The other kings of Rome, too, with the exception of Numa Pompilius
and Ancus Marcius, who died natural deaths, what horrible ends they
had! Tullus Hostilius, the conqueror and destroyer of Alba, was,
as I said, himself and all his house consumed by lightning. Priscus
Tarquinius was slain by his predecessor's sons. Servius Tullius was
foully murdered by his son-in-law Tarquinius Superbus, who
succeeded him on the throne. Nor did so flagrant a parricide committed
against Rome's best king drive from their altars and shrines those
gods who were said to have been moved by Paris' adultery to treat poor
Troy in this style, and abandon it to the fire and sword of the
Greeks. Nay, the very Tarquin who had murdered, was allowed to
succeed his father-in-law. And this infamous parricide, during the
reign he had secured by murder, was allowed to triumph in many
victorious wars, and to build the Capitol from their spoils; the gods
meanwhile not departing, but abiding, and abetting, and suffering
their king Jupiter to preside and reign over them in that very splendid
Capitol, the work of a parricide. For he did not build the Capitol
in the days of his innocence, and then suffer banishment for subsequent
crimes; but to that reign during which he built the Capitol, he won
his way by unnatural crime. And when he was afterwards banished by the
Romans, and forbidden the city, it was not for his own but his son's
wickedness in the affair of Lucretia, a crime perpetrated not only
without his cognizance, but in his absence. For at that time he was
besieging Ardea, and fighting Rome's battles; and we cannot say
what he would have done had he been aware of his son's crime.
Notwithstanding, though his opinion was neither inquired into nor
ascertained, the people stripped him of royalty; and when he returned
to Rome with his army, it was admitted, but he was excluded,
abandoned by his troops, and the gates shut in his face. And yet,
after he had appealed to the neighboring states, and tormented the
Romans with calamitous but unsuccessful wars, and when he was deserted
by the ally on whom he most depended, despairing of regaining the
kingdom, he lived a retired and quiet life for fourteen years, as it
is reported, in Tusculum, a Roman town, where he grew old in his
wife's company, and at last terminated his days in a much more
desirable fashion than his father-in-law, who had perished by the
hand of his son-in-law; his own daughter abetting, if report be
true. And this Tarquin the Romans called, not the Cruel, nor the
Infamous, but the Proud; their own pride perhaps resenting his
tyrannical airs. So little did they make of his murdering their best
king, his own father-in-law, that they elected him their own king.
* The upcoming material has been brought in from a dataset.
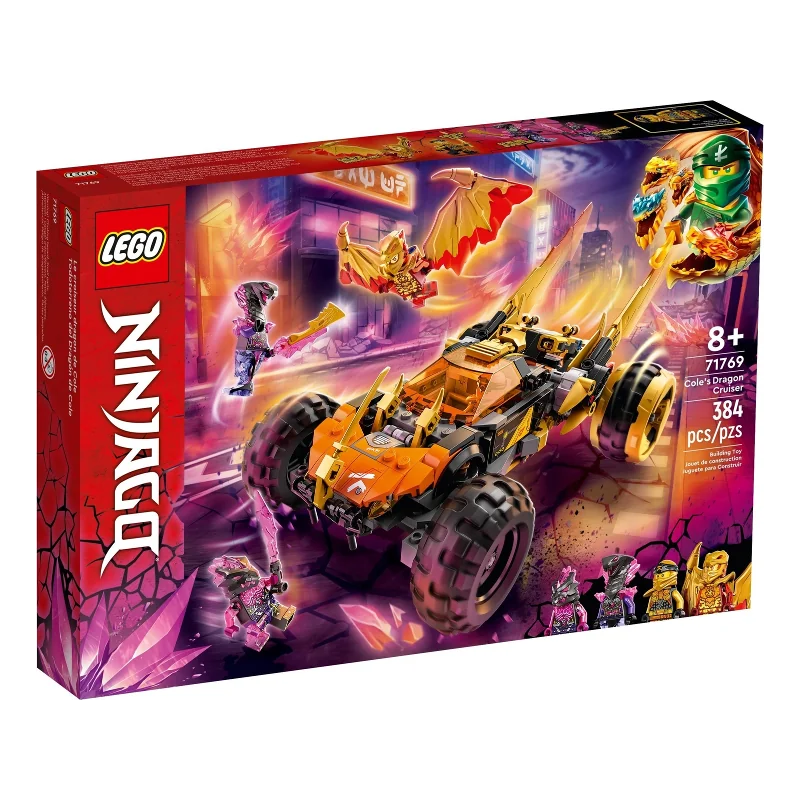 De LEGO 71769 Cole’s drakenwagen is uitgebracht in het jaar 2022. De set bestaat uit 384 onderdelen. Er zitten 2 minifiguren bij en 1 instructie. De set is geschikt voor kinderen vanaf 8 jaar.

I wonder if it was not even more criminal in them to reward so
bountifully so great a criminal. And yet there was no word of the gods
abandoning the altars; unless, perhaps, some one will say in defence
of the gods, that they remained at Rome for the purpose of punishing
the Romans, rather than of aiding and profiting them, seducing them
by empty victories, and wearing them out by severe wars. Such was the
life of the Romans under the kings during the much-praised epoch of
the state which extends to the expulsion of Tarquinius Superbus in the
243rd year, during which all those victories, which were bought
with so much blood and such disasters, hardly pushed Rome's dominion
twenty miles from the city; a territory which would by no means bear
comparison with that of any petty Gaetulian state.